Abstract

Effect of density, shape, and orientation on radar reflectivity factor ( Z e ) and linear depolarization ratio ( LDR ) at 95 GHz are investigated by using the discrete dipole approximation (DDA) for ice cloud studies. We consider hexagonal plate, hollow hexagonal column, and hollow bullet rosette in horizontal (2‐D) or three‐dimensional (3‐D) random orientation. We first validate a widely used method to take into account the density and shape effects by the combinational use of Mie theory with the Maxwell‐Garnett mixing rule (the MG‐Mie method). It is found that the MG‐Mie method underestimates Z e and its applicability is limited to sizes smaller than 40 μ m. On the basis of the DDA, it is possible to separately treat density, aspect ratio, orientation, and shape. Effect of density turns out to be minor. Orientation and shape are the major controlling factors for Z e especially at effective radius r eff > 100 μ m and LDR except for very large sizes where the effect of orientation in LDR diminishes.

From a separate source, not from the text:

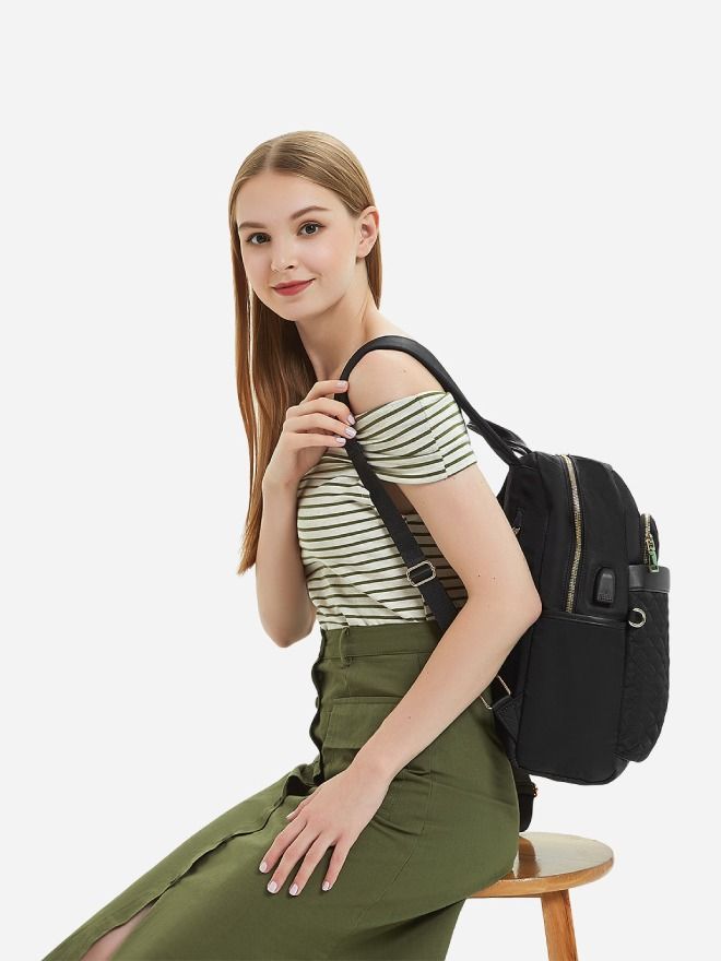 • This backpack is made with nylon that is durable, water-repellent and easy to clean.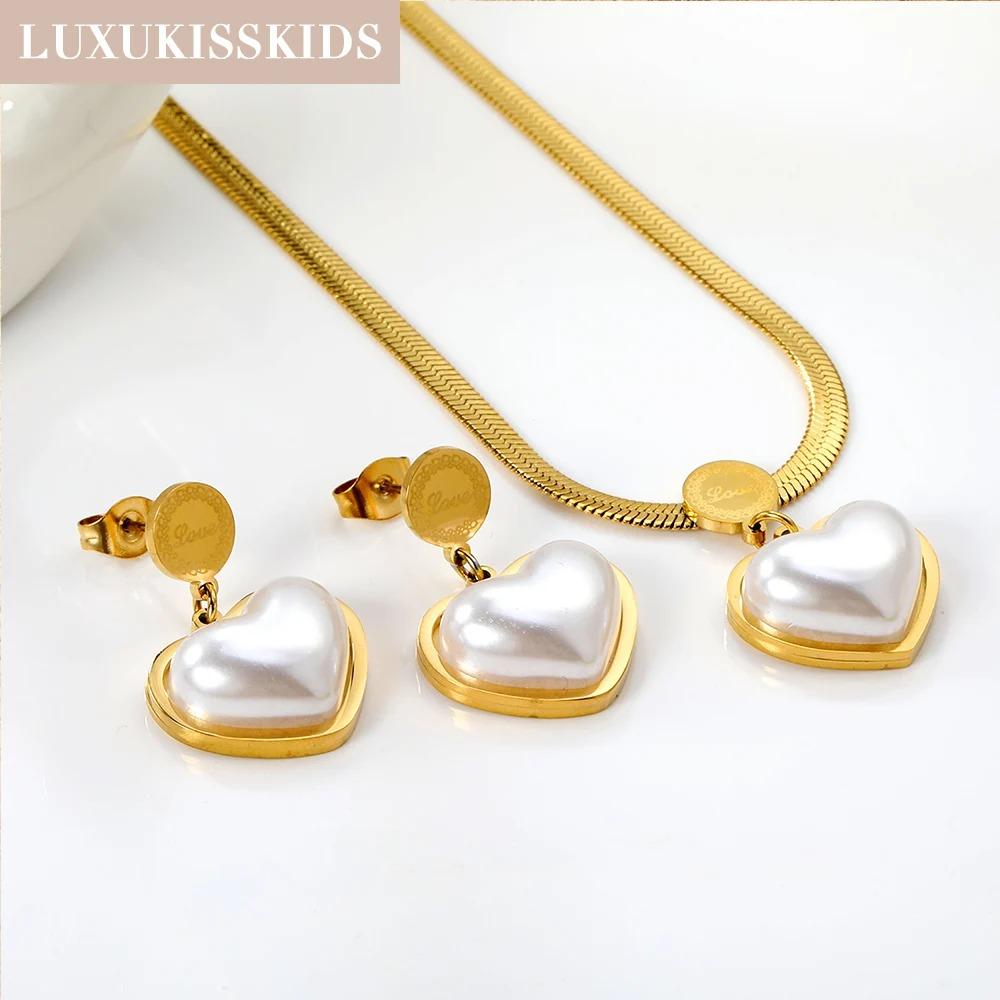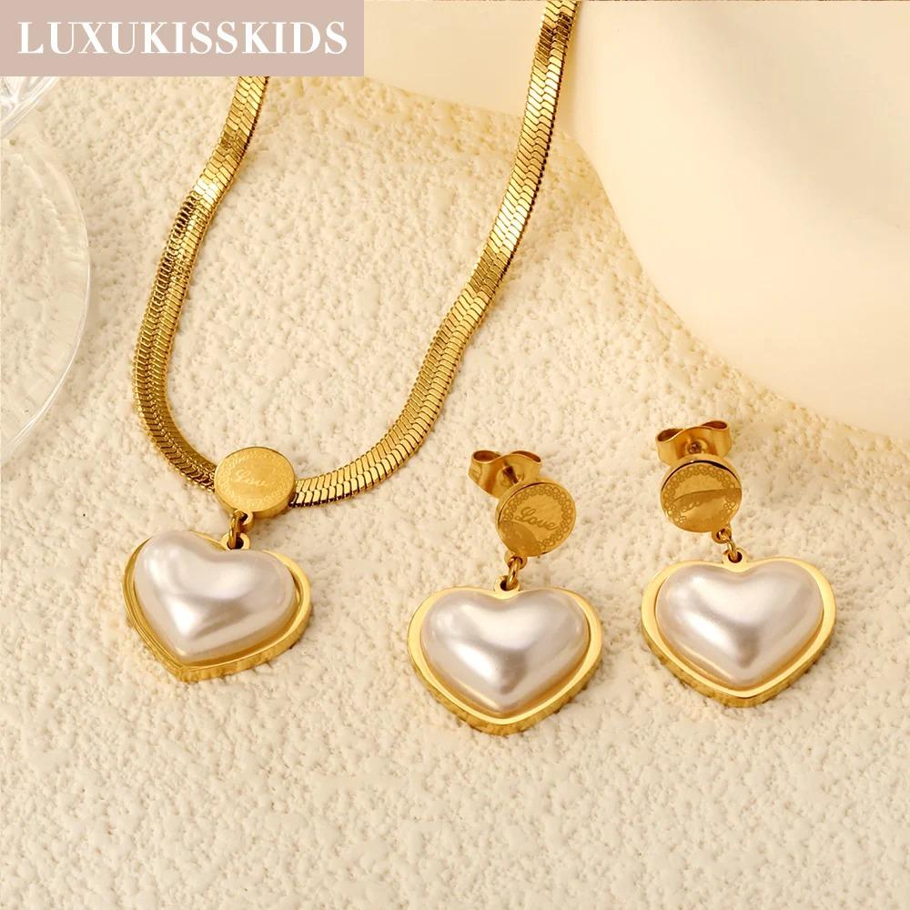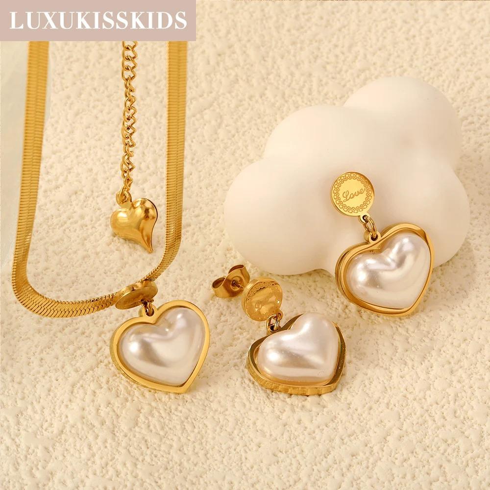 ضيفي لمسة من الرقي لإطلالتك مع طقم مجوهرات نسائي فاخر من LUXUKISSKIDS، يجمع بين قلادة قلب أنيقة وأقراط مطابقة باللون الذهبي، مثالية للحفلات والمناسبات الراقية.

Comparison between the DDA results and the analytical solution for 3‐D Rayleigh spheroids show that LDR in the small size range is characterized by the target boundary and aspect ratio. In the large size range, LDR reveals features of a single target element; for example, LDR of bullet rosette is similar to that of a single branch of the particle. Combinational use of Z e and LDR is effective in microphysics retrieval for LDR < −23 dB. For LDR > −23 dB, additional information such as Doppler velocity is required.